Try it:
Reproduce every record below exactly as written, leaving out any pictures.

Dataset excerpts:
········

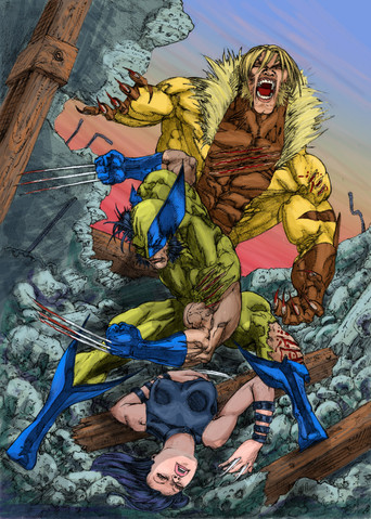 Wonderful work! Nice coloring style. I like the colors you chose and the way you did the shading. It's an awesome drawing, too, so it must have been a blast to work with.
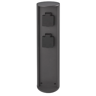 Уличная розетка . Материал : алюминиевый сплав. Напряжение: АС 220-240V~50Hz.  В корпусе установлены 2 влагозащищенные розетки, которые предназначены для подключения приборов максимальной мощностью 2*2000W. Общие габаритные размеры: 100*400мм; Степень защиты: IP44; Рабочая температура: -25 до + 40°С. Цвет: матовый черный.
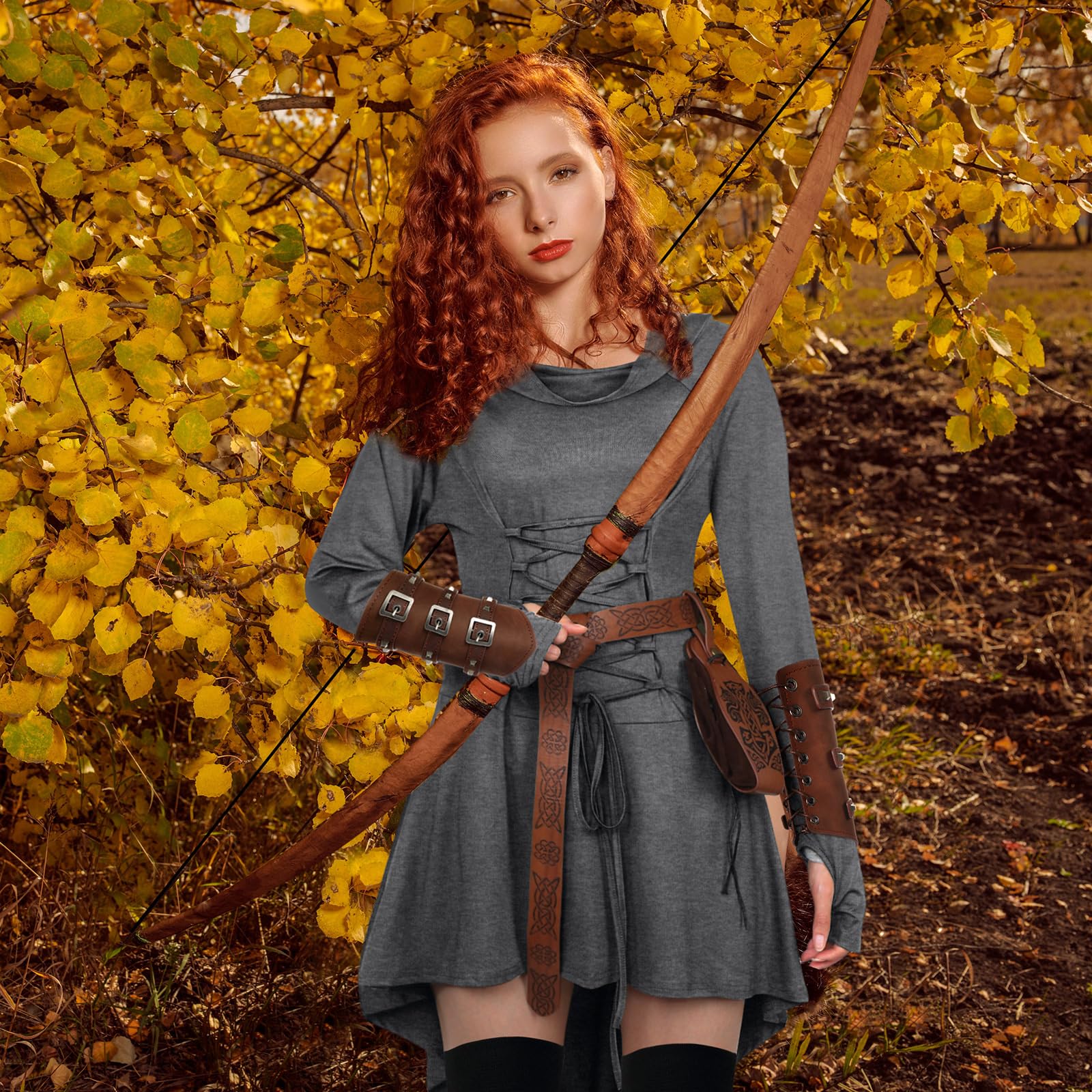 - Package Content: the costume set comes packed with what most of you need for a complete renaissance look, included in the package is a hoodie renaissance cloak, a pair of buckle wrist guards, a medieval knight's belt, a pouch, and a pair of knee high socks, adding attractiveness and charm for you
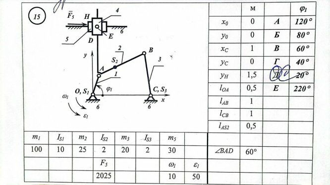 Принятая работа Структурный анализ + Кинематический анализ, вариант 15Д, угол 20° .
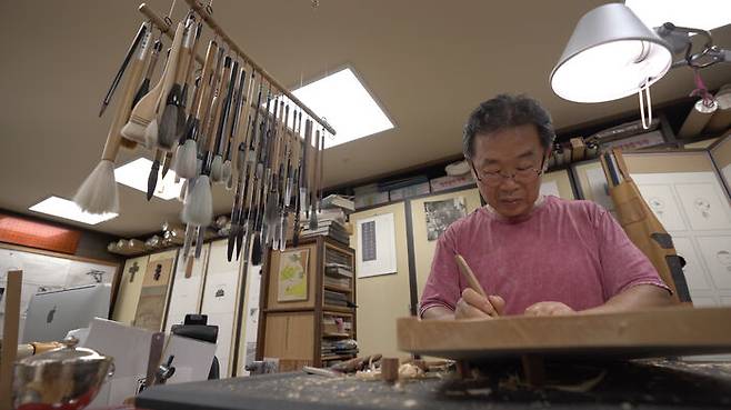 40년간 새겨온 목판화가 몇 개나 되는지 아느냐는 질문에 이철수 화백은 '허허' 웃으며 밥 먹은 시간보다 칼로 나무를 새겨온 시간이 더 많았고 칼로 나무를 새기는 일이 밥 먹는 것보다 더 편하다고 했습니다. 수많은 작품들 가운데 애착이 가는 보물 같은 작품이 있는지를 물었습니다.
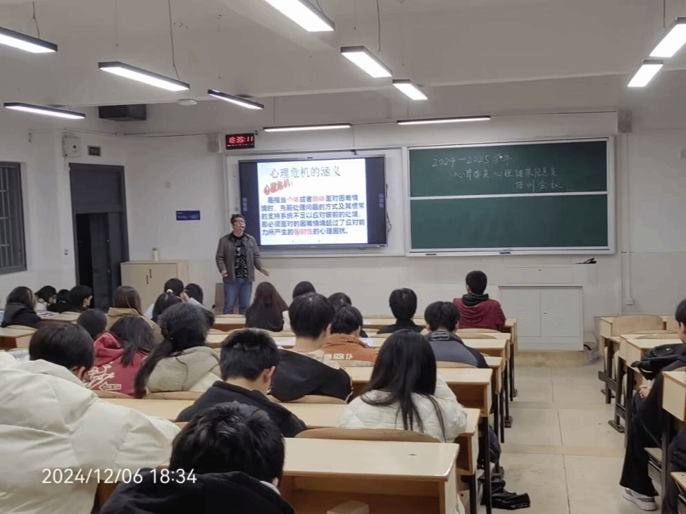 培训中,何忠华老师通过PPT演示,明确了心育委员的定位、职责及工作态度,重点讲解了学生心理危机产生的原因、特征及后果,并指导心育委员在同学出现心理危机时的正确应对方法。
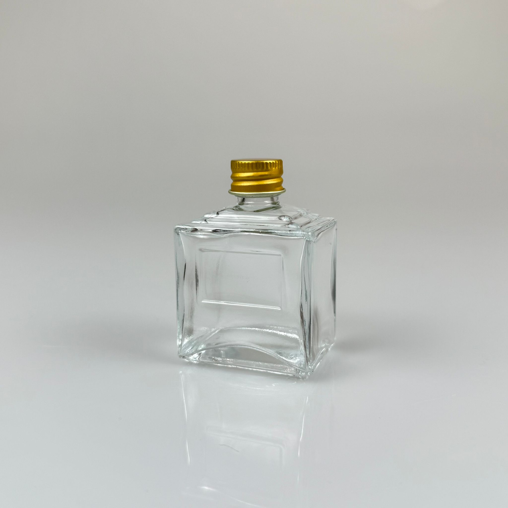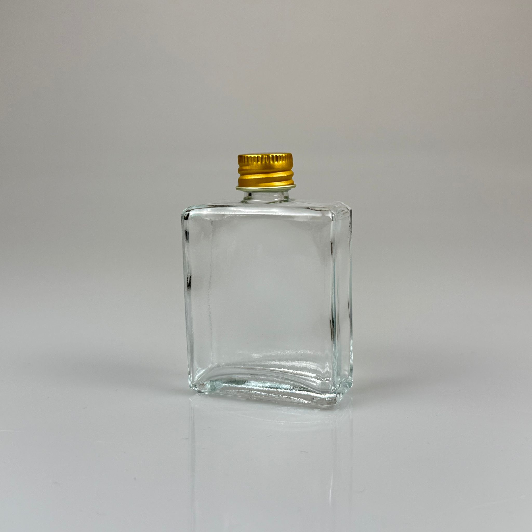 40 CC YASSI DİKDÖRTGEN KÖŞELİ KISA CAM ŞİŞE - GOLD METAL KAPAKLI - 40 ML PRESTİJLİ ŞİŞE
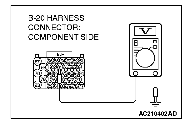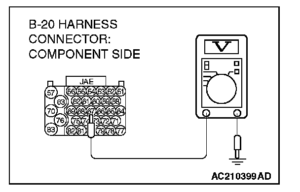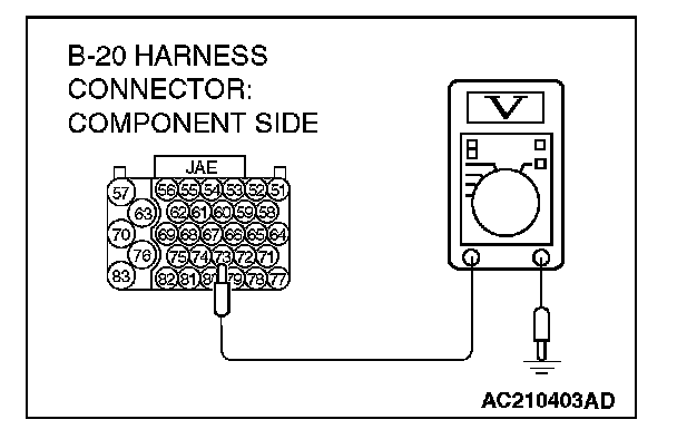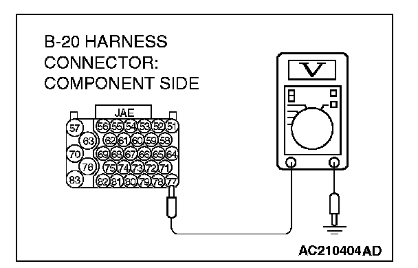 STEP 19. Measure the transmission range switch output voltage at PCM connector B-20 by using check harness special tool MB991923.
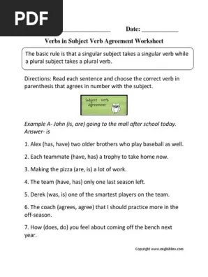 The frogs hop or hops. The subject and verb of a sentence must both be singular or both be plural. Help your third grader practice this important grammar lesson with our free and printable worksheet . Our subject verb agreement worksheets ensure that your verbs are consistent with their subjects, and teach grammatical concord with oodles of examples. Children need to identify the errors and rewrite the sentences correctly.
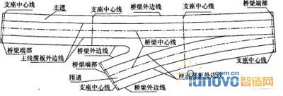 考慮到在實(shí)際生產(chǎn)中,橋梁設(shè)計(jì)是在路線(xiàn)設(shè)計(jì)提供的路線(xiàn)框架成果圖基礎(chǔ)上,截取橋梁設(shè)計(jì)所需的基本路線(xiàn)設(shè)計(jì)參數(shù)(如橋梁的起終點(diǎn)樁號(hào)、橋梁的平縱面外邊線(xiàn)等基本設(shè)計(jì)參數(shù))而進(jìn)行的,而腹板邊線(xiàn)則是通過(guò)橋梁外邊線(xiàn)偏移得到的。所以系統(tǒng)提供交互的方式讓用戶(hù)手動(dòng)采集橋梁中心線(xiàn)、橋梁邊線(xiàn)、腹板邊線(xiàn)與腹板中心線(xiàn)、橋梁支座中心線(xiàn),根據(jù)支座中心線(xiàn)自動(dòng)實(shí)現(xiàn)橋梁的分跨及跨長(zhǎng)計(jì)算;同時(shí)把交互拾取得到的橋梁基礎(chǔ)信息保存到數(shù)據(jù)庫(kù),以便橋梁后續(xù)設(shè)計(jì)調(diào)用。圖2以“卜型”箱梁平面為例說(shuō)明系統(tǒng)拾取要點(diǎn),其中主道、匝道的橋梁平面信息分別拾取。
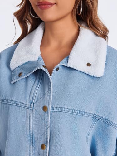 Tankaneo Womens Oversized Denim Jackets Sherpa Collar Button Down Jean Jacket Fall Warm Shacket Coats 6
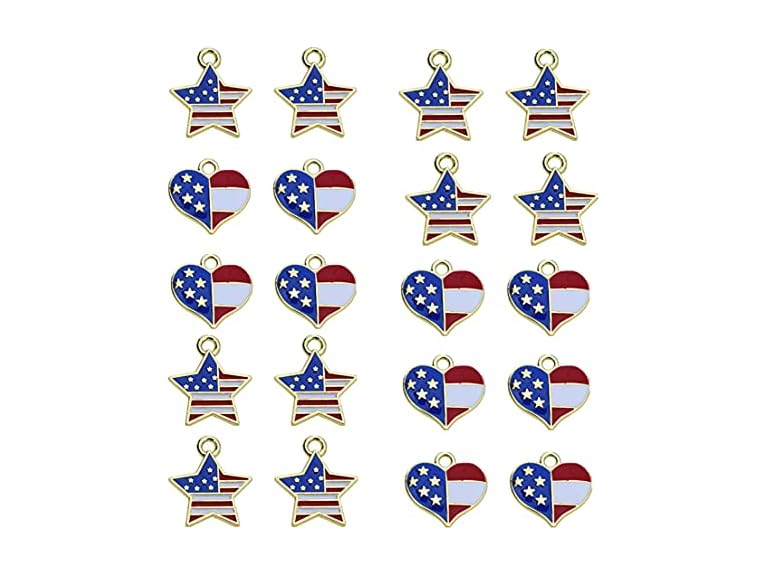 - (1) Ximkee 20Pcs Red White and Blue American Flag Star Heart Shaped Charm Pendant Gold Plated Dainty Ornament Jewelry Making Independence Day Decoration

········

Response below:
 Wonderful work! Nice coloring style. I like the colors you chose and the way you did the shading. It's an awesome drawing, too, so it must have been a blast to work with.
 Уличная розетка . Материал : алюминиевый сплав. Напряжение: АС 220-240V~50Hz.  В корпусе установлены 2 влагозащищенные розетки, которые предназначены для подключения приборов максимальной мощностью 2*2000W. Общие габаритные размеры: 100*400мм; Степень защиты: IP44; Рабочая температура: -25 до + 40°С. Цвет: матовый черный.
 - Package Content: the costume set comes packed with what most of you need for a complete renaissance look, included in the package is a hoodie renaissance cloak, a pair of buckle wrist guards, a medieval knight's belt, a pouch, and a pair of knee high socks, adding attractiveness and charm for you
 Принятая работа Структурный анализ + Кинематический анализ, вариант 15Д, угол 20° .
 40년간 새겨온 목판화가 몇 개나 되는지 아느냐는 질문에 이철수 화백은 '허허' 웃으며 밥 먹은 시간보다 칼로 나무를 새겨온 시간이 더 많았고 칼로 나무를 새기는 일이 밥 먹는 것보다 더 편하다고 했습니다. 수많은 작품들 가운데 애착이 가는 보물 같은 작품이 있는지를 물었습니다.
 培训中,何忠华老师通过PPT演示,明确了心育委员的定位、职责及工作态度,重点讲解了学生心理危机产生的原因、特征及后果,并指导心育委员在同学出现心理危机时的正确应对方法。
 40 CC YASSI DİKDÖRTGEN KÖŞELİ KISA CAM ŞİŞE - GOLD METAL KAPAKLI - 40 ML PRESTİJLİ ŞİŞE
 STEP 19. Measure the transmission range switch output voltage at PCM connector B-20 by using check harness special tool MB991923.
 The frogs hop or hops. The subject and verb of a sentence must both be singular or both be plural. Help your third grader practice this important grammar lesson with our free and printable worksheet . Our subject verb agreement worksheets ensure that your verbs are consistent with their subjects, and teach grammatical concord with oodles of examples. Children need to identify the errors and rewrite the sentences correctly.
 考慮到在實(shí)際生產(chǎn)中,橋梁設(shè)計(jì)是在路線(xiàn)設(shè)計(jì)提供的路線(xiàn)框架成果圖基礎(chǔ)上,截取橋梁設(shè)計(jì)所需的基本路線(xiàn)設(shè)計(jì)參數(shù)(如橋梁的起終點(diǎn)樁號(hào)、橋梁的平縱面外邊線(xiàn)等基本設(shè)計(jì)參數(shù))而進(jìn)行的,而腹板邊線(xiàn)則是通過(guò)橋梁外邊線(xiàn)偏移得到的。所以系統(tǒng)提供交互的方式讓用戶(hù)手動(dòng)采集橋梁中心線(xiàn)、橋梁邊線(xiàn)、腹板邊線(xiàn)與腹板中心線(xiàn)、橋梁支座中心線(xiàn),根據(jù)支座中心線(xiàn)自動(dòng)實(shí)現(xiàn)橋梁的分跨及跨長(zhǎng)計(jì)算;同時(shí)把交互拾取得到的橋梁基礎(chǔ)信息保存到數(shù)據(jù)庫(kù),以便橋梁后續(xù)設(shè)計(jì)調(diào)用。圖2以“卜型”箱梁平面為例說(shuō)明系統(tǒng)拾取要點(diǎn),其中主道、匝道的橋梁平面信息分別拾取。
 Tankaneo Womens Oversized Denim Jackets Sherpa Collar Button Down Jean Jacket Fall Warm Shacket Coats 6
 - (1) Ximkee 20Pcs Red White and Blue American Flag Star Heart Shaped Charm Pendant Gold Plated Dainty Ornament Jewelry Making Independence Day Decoration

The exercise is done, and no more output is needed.